You need an external DC 12 volt thermostat and a sufficient DC 12 volt power supply..

It could be glued to a sheet of acrylic with suction cups and stick to the side/back panel.


----------



## Harry H (14 Nov 2018)

Dreadlockdog said:


> Thought of an external filter with heater but ended up getting a eheim ecco for a good second hand price.
> 
> Sent from my ONEPLUS A6003 using Tapatalk



I would put Eheim on eBay, get an Oaise small external with inbuilt heater if you can afford. You would be happier. If not, get a big standard 50w heater, you can always upgrade later.


----------



## AverageWhiteBloke (14 Nov 2018)

Maybe look at the Dennerle internal heater range, both the 25 watt and the 50 watt are only 160mm in length. You could put these horizontal at the back of the tank just above substrate level and the plants would pretty much hide them. They're better off horizontal anyway, the thermostat tends to be at the top and the heating element at the bottom so when fitted vertically the heat rises and trips out the stat. Fitting horizontally you get it measuring the water temp generally. I've seen many people fit external heaters nearly horizontal, I guess the reasoning behind not doing it is if there was an air pocket in the tubing that got trapped inside the heater the element could be exposed to air and over heat but I don't think with good flow through a filter that would happen as long as it was at an angle and not pure horizontal. Just looked at the Oases range as I'm also setting up a 300 cube and wanted no equipment in the tank, just wondering, the people who have the 100 version it says max head height 1.1m, are people running these in cabinets or beside the tank? With  say 750mm high cabinet and 300mm tank are you getting good flow. Also do they come with shut off taps to turn off the water when disconnecting?


----------



## Tim Harrison (14 Nov 2018)

I used this in my 30cm cube https://www.amazon.co.uk/SuperFish-...2194580&sr=1-1&keywords=superfish+nano+heater
These are pretty discrete heaters as well https://www.amazon.co.uk/Interpet-N...d=1542194439&sr=8-9&keywords=fish+heater&th=1



Edvet said:


> https://www.theaquariumwiki.com/wiki/Coldwater_Aquariums


Or alternatively...https://www.practicalfishkeeping.co...o-set-up-a-temperate-tank-that-looks-tropical


----------



## Dreadlockdog (14 Nov 2018)

Thanks for the input. Think I'll go with a small in tank heater to start me off and maybe upgrade to a heated filter when I can find one cheap enough.

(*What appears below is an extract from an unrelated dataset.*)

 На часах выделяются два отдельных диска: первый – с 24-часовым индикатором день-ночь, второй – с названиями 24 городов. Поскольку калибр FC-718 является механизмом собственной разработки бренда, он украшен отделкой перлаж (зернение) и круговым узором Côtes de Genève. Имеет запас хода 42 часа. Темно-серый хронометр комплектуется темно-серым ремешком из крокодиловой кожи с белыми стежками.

Although it sounds like a great idea I'm not into making my own as I'd only fry myself somehow!

Sent from my ONEPLUS A6003 using Tapatalk


----------



## alto (15 Nov 2018)

AverageWhiteBloke said:


> With say 750mm high cabinet and 300mm tank are you getting good flow.

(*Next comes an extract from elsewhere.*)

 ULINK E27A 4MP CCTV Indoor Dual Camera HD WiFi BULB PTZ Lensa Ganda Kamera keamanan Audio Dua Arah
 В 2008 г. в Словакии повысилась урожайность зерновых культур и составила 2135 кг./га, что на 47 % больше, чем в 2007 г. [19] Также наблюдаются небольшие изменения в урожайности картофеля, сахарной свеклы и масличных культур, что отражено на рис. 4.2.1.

I’ve been known to “elevate” my filter inside the cabinet to reduce the that distance & improve filter flow 

Sorry I don’t have access to these filters so can’t comment specific to the Oase 
(I find it unclear how the flow rates can be adjusted - I’d call Aquarium Gardens   From some comments I’ve read online, I suspect these filters don’t deliver maximum flow rates as well as Eheim - which are tested complete with filter media and head heights in the production facility ... back pressure tests are also done to simulate debris in filter media etc)


----------



## goldscapes (15 Nov 2018)

Dreadlockdog said:


> Thanks for the input. Think I'll go with a small in tank heater to start me off and maybe upgrade to a heated filter when I can find one cheap enough.
> 
> Although it sounds like a great idea I'm not into making my own as I'd only fry myself somehow!
> 
> Sent from my ONEPLUS A6003 using Tapatalk



Eden do a cheap external with inbuilt filter @Matt @ ScapeEasy uses one he might be able to comment on the build quality and performance.


----------



## zozo (15 Nov 2018)

davexcape said:


> Eden do a cheap external with inbuilt filter @Matt @ ScapeEasy uses one he might be able to comment on the build quality and performance.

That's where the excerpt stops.